**Requirement**:
Starting at the line with "本研究旨在设计并实现一套功能" and going on through the line with "4 Formes d'emporte", reproduce each line in the records below exactly and nothing more.

**Information shown**:
☆ ☆ ☆ ☆
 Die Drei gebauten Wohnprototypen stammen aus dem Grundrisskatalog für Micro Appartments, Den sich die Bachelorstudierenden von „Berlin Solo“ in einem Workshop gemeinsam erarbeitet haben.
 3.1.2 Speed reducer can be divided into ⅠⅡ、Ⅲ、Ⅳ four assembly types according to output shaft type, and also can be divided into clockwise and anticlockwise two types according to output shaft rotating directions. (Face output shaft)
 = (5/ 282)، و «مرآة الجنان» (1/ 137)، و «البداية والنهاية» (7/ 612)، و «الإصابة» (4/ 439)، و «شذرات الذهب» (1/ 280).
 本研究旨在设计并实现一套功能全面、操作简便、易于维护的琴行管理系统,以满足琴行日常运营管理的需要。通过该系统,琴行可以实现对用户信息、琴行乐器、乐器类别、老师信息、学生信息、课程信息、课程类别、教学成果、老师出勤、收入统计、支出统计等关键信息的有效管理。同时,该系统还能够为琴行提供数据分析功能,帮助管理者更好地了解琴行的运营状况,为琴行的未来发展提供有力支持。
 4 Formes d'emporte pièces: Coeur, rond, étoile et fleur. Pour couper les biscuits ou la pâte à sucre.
☆ ☆ ☆ ☆
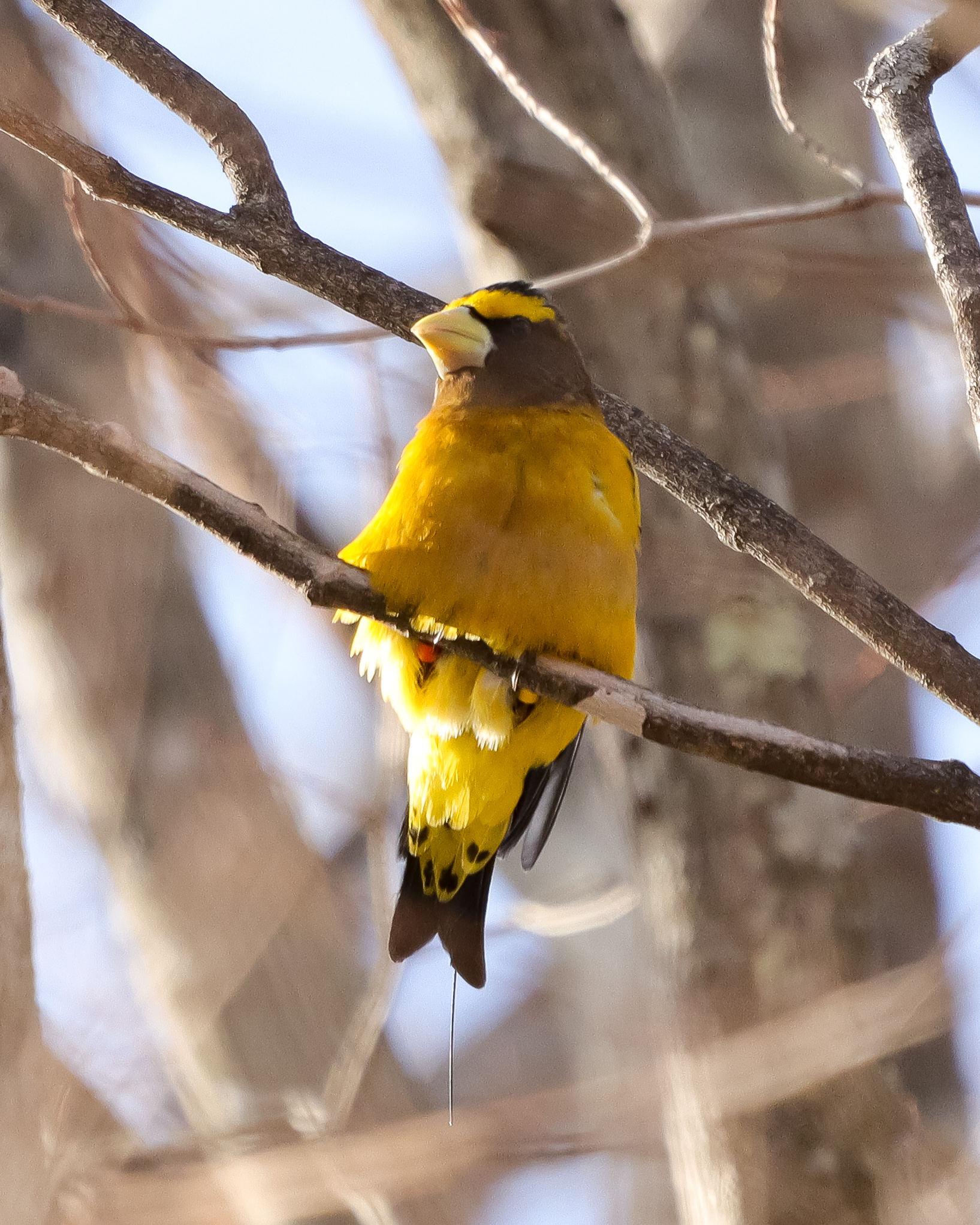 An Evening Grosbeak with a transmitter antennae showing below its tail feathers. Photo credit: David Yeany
☆ ☆ ☆ ☆
**Exercise output**:
 本研究旨在设计并实现一套功能全面、操作简便、易于维护的琴行管理系统,以满足琴行日常运营管理的需要。通过该系统,琴行可以实现对用户信息、琴行乐器、乐器类别、老师信息、学生信息、课程信息、课程类别、教学成果、老师出勤、收入统计、支出统计等关键信息的有效管理。同时,该系统还能够为琴行提供数据分析功能,帮助管理者更好地了解琴行的运营状况,为琴行的未来发展提供有力支持。
 4 Formes d'emporte pièces: Coeur, rond, étoile et fleur. Pour couper les biscuits ou la pâte à sucre.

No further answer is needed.